Problem description:
For the records below, please print exactly and only the lines from the one with "5193 - Original" down to the one with "Featuring a mango-colored", both ends included, omitting the pictures.
:: Given information
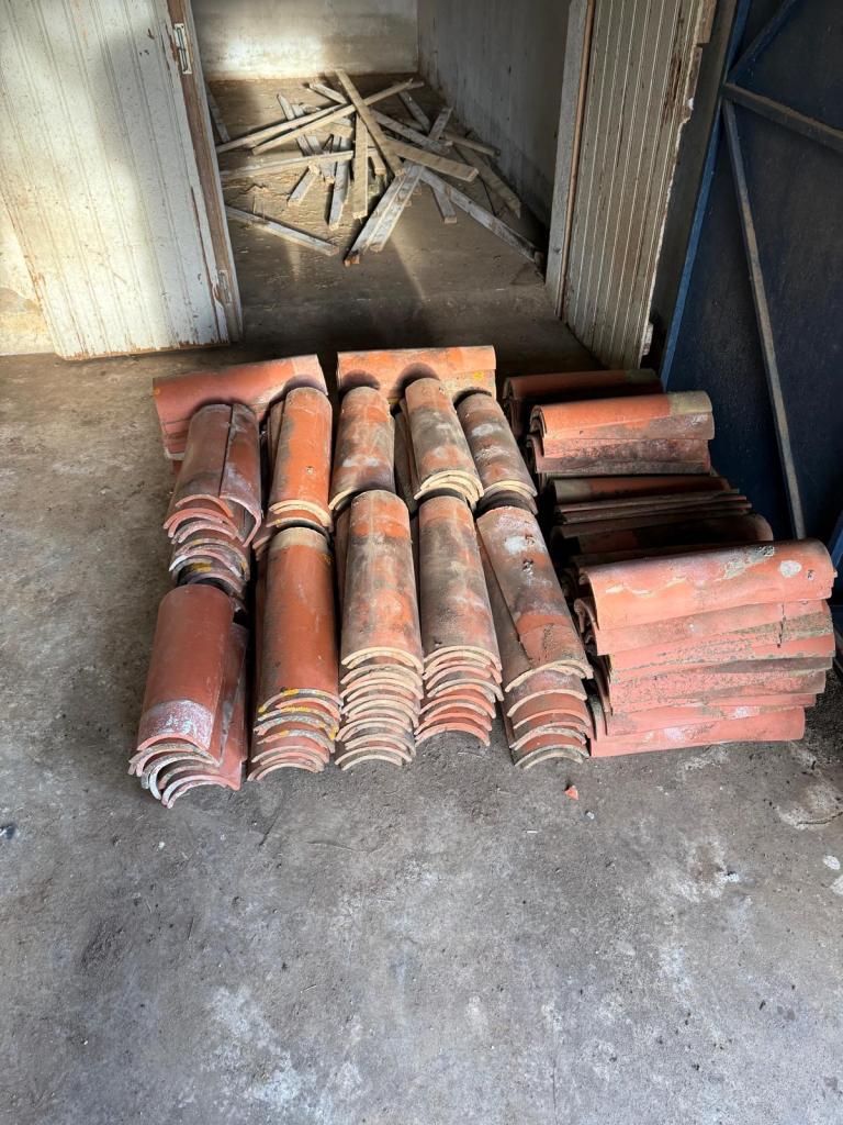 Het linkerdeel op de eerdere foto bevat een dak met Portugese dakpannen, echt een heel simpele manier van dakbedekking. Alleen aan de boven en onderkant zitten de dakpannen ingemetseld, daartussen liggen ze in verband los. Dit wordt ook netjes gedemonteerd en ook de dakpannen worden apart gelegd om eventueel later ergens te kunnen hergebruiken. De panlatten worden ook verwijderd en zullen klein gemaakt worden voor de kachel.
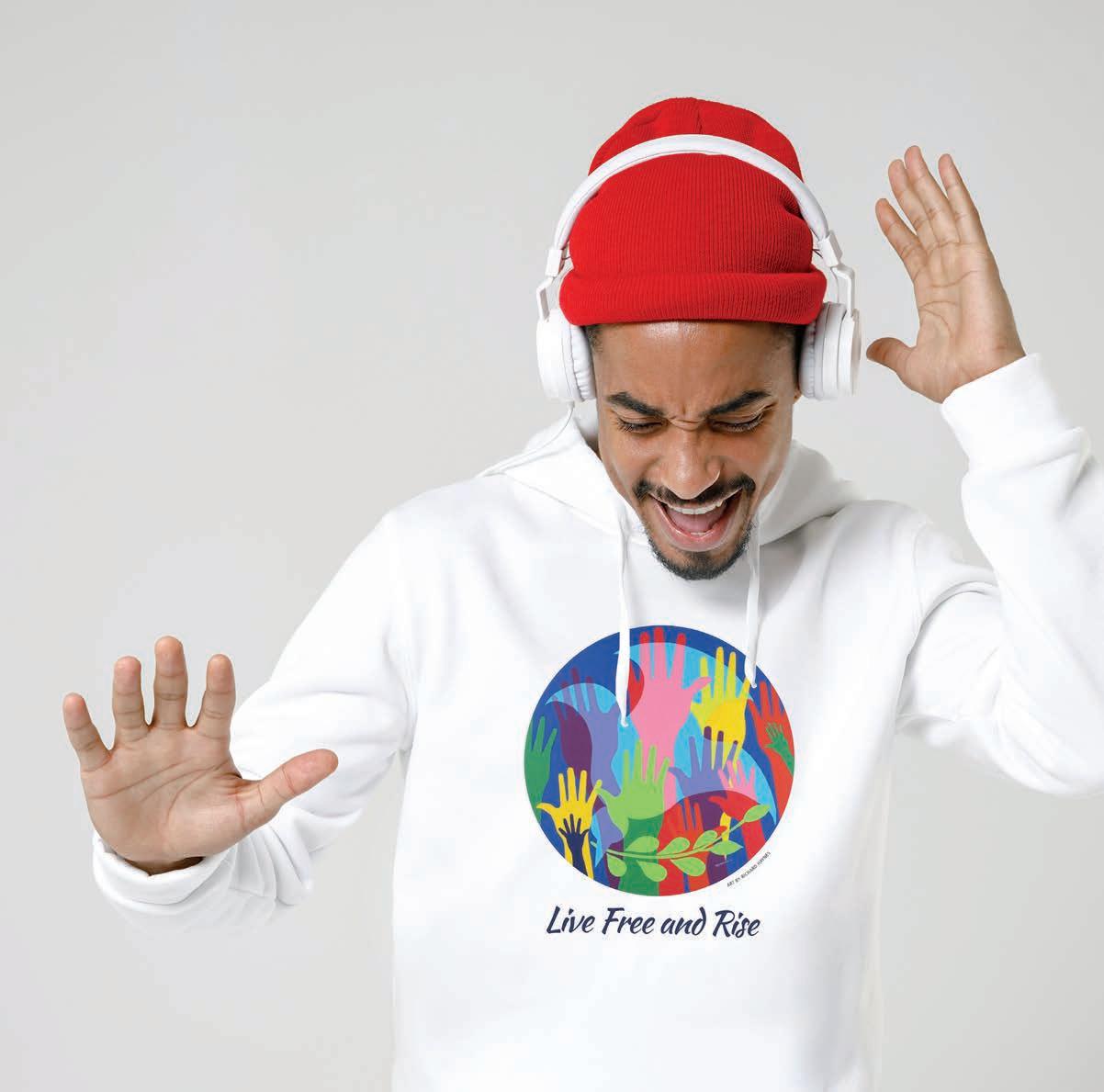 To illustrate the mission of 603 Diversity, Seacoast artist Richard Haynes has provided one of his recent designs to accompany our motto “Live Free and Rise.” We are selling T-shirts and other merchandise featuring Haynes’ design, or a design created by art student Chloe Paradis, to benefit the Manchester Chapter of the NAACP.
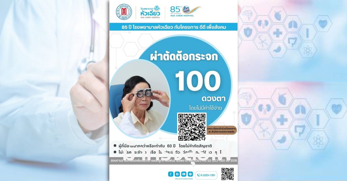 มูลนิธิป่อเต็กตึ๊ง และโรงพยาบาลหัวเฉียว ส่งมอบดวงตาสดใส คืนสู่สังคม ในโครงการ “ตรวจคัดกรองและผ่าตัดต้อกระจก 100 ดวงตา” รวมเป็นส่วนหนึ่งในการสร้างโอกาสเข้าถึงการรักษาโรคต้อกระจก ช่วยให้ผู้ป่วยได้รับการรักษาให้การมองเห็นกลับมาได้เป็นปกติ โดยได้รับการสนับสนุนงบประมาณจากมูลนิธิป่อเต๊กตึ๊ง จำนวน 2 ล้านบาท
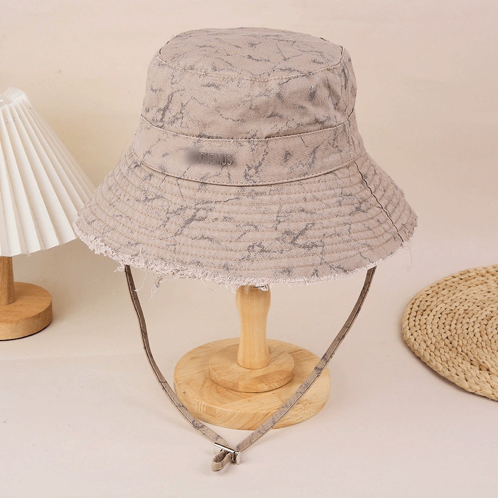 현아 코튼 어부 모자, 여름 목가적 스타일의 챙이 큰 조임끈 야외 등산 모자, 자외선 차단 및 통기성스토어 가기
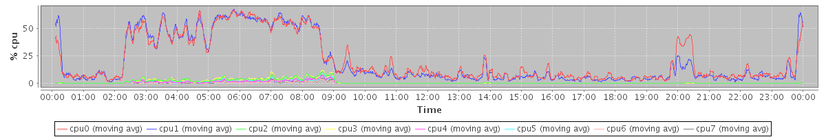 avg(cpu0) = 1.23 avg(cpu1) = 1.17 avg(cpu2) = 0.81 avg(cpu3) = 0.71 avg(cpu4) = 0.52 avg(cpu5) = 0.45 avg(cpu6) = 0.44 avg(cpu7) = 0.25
::::
:: Given information
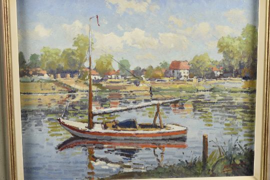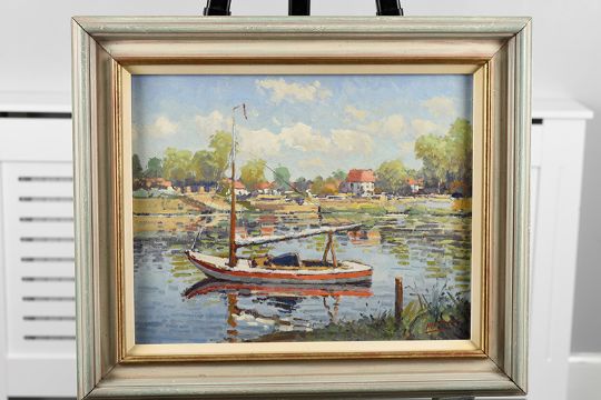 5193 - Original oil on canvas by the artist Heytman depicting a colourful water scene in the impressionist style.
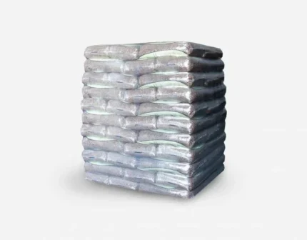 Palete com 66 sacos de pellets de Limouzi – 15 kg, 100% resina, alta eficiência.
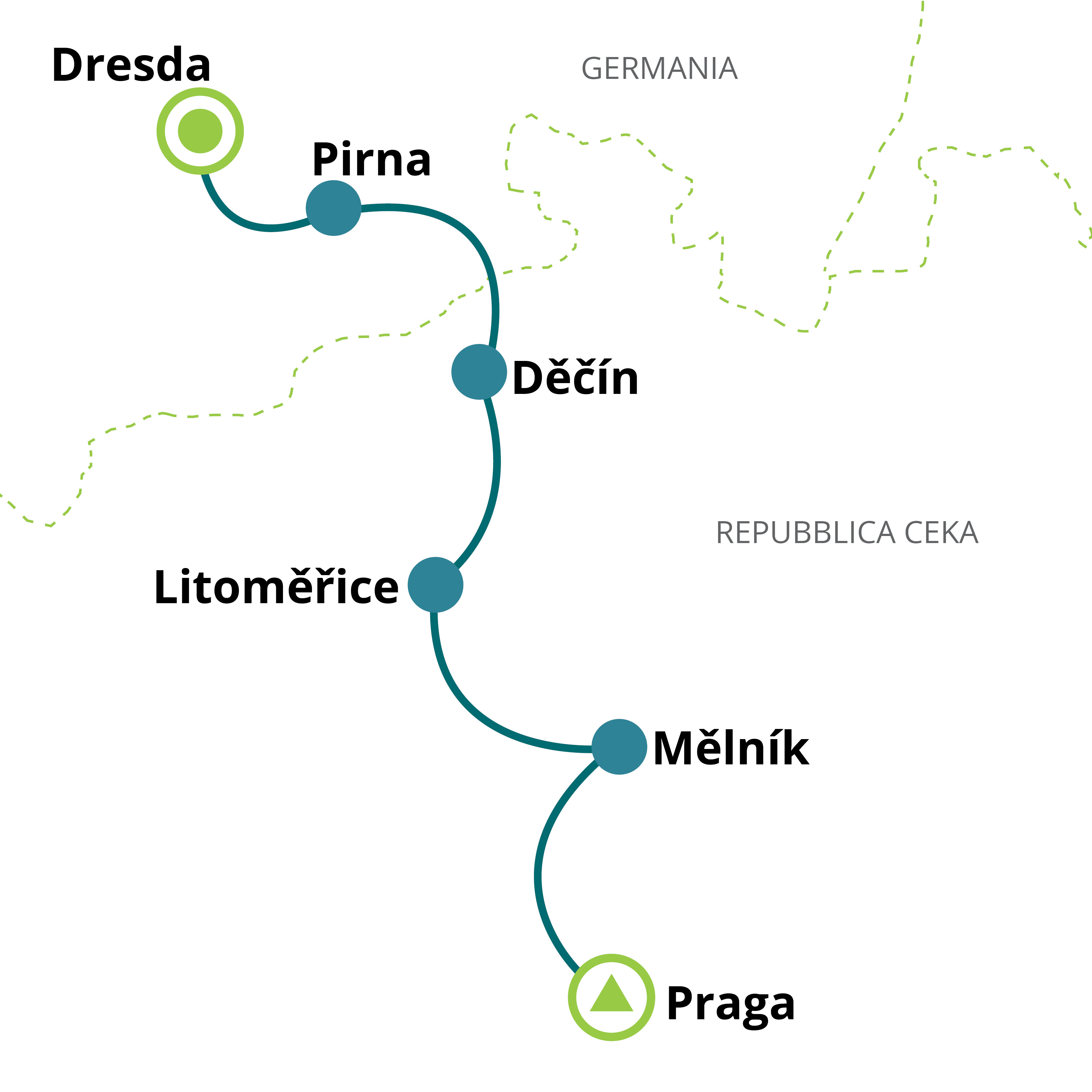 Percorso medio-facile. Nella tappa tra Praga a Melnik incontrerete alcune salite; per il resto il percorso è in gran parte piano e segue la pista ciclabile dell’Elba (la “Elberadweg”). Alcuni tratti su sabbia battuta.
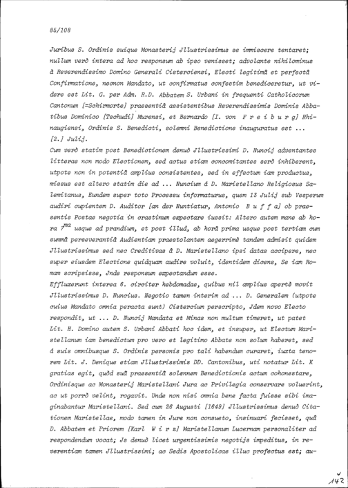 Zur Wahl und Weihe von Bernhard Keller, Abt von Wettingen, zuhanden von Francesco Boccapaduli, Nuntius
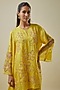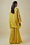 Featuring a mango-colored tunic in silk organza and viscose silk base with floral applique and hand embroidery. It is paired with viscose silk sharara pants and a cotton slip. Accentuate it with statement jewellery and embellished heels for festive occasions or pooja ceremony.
::::
Output of the exercise:
 5193 - Original oil on canvas by the artist Heytman depicting a colourful water scene in the impressionist style.
 Palete com 66 sacos de pellets de Limouzi – 15 kg, 100% resina, alta eficiência.
 Percorso medio-facile. Nella tappa tra Praga a Melnik incontrerete alcune salite; per il resto il percorso è in gran parte piano e segue la pista ciclabile dell’Elba (la “Elberadweg”). Alcuni tratti su sabbia battuta.
 Zur Wahl und Weihe von Bernhard Keller, Abt von Wettingen, zuhanden von Francesco Boccapaduli, Nuntius
 Featuring a mango-colored tunic in silk organza and viscose silk base with floral applique and hand embroidery. It is paired with viscose silk sharara pants and a cotton slip. Accentuate it with statement jewellery and embellished heels for festive occasions or pooja ceremony.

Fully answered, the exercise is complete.